2007 familicide in Fayetteville, Georgia, U.S.

Over a three-day period from June 22–24, 2007, Chris Benoit, a 40-year-old Canadian professional wrestler employed by World Wrestling Entertainment (WWE), murdered his wife Nancy and their seven-year-old son, Daniel, before hanging himself at their residence in Fayetteville, Georgia, United States.

Autopsy results showed that Nancy was murdered first, having died of asphyxiation on the night of June 22. Daniel, who also died of asphyxia, was killed as he was lying sedated in his bed on the morning of June 23. On the evening of June 24, Benoit killed himself in his weight room, when he used his lat pulldown machine to hang himself.
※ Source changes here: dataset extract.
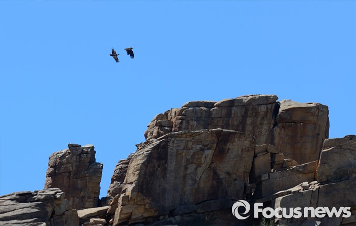 (바가 가즈링 촐로/몽골=포커스뉴스)각진 돌을 쌓아 올린 듯한 바가 가즈링 촐로 의 고지대에 둥지를 튼 독수리들이 먹이를 찾으러 들녘으로 날아가고 있다.

He placed Bibles near the bodies of Nancy and Daniel.

Since the murders, numerous explanations for Benoit's actions have been proposed, including severe chronic traumatic encephalopathy (CTE), as well as steroid and alcohol abuse, leading to a failing marriage and other personal problems. This led to numerous media accounts, and a federal investigation into steroid abuse in professional wrestling.

== Events ==
=== Murder of Nancy Benoit ===

On Friday, June 22, 2007, Chris Benoit killed his wife Nancy in the bonus room of their house in Fayetteville, Georgia, 22 miles south of Atlanta. According to the police report, Nancy's limbs had been bound prior to her death, with her arms being restrained with coaxial cables and her feet being duct-taped together. A balled-up combination of a tube sock and tape was also found in the kitchen trash and appeared to be soaked in dried blood, which led police to believe that it was being used as a makeshift gag prior to Nancy's death. Injuries indicated that Benoit had pressed a knee into her back while pulling on a cord around her neck, causing strangulation. Her body was found wrapped in a blanket alongside a Bible. Officials said that there were no signs of immediate struggle.

Toxicologists found alcohol in Nancy's body but were unable to determine whether it had been present before death or was a product of decomposition. Decomposition made it difficult to estimate pre-death levels of hydrocodone and alprazolam, which were found in "therapeutic levels" in her body. In any case, the medical examiner saw no evidence that Nancy was as sedated as Daniel had been when he was killed.

=== Murder of Daniel Benoit ===
Daniel Christopher Benoit (February 25, 2000 – June 23, 2007) was Chris's third child. Daniel had two older paternal half-siblings, David and Megan, via Chris's first wife Martina. She and the two older children were living in Canada at the time of the murder–suicide. Daniel was Nancy's only child.

Daniel was suffocated and killed in his bedroom, and another Bible was left by his body. He had internal injuries to the throat area, showing no bruises. His exact time of death is unknown. Toxicology reports determined Daniel was sedated with Xanax and was likely unconscious when he was killed. His body was not as far along as Nancy's body in decomposition.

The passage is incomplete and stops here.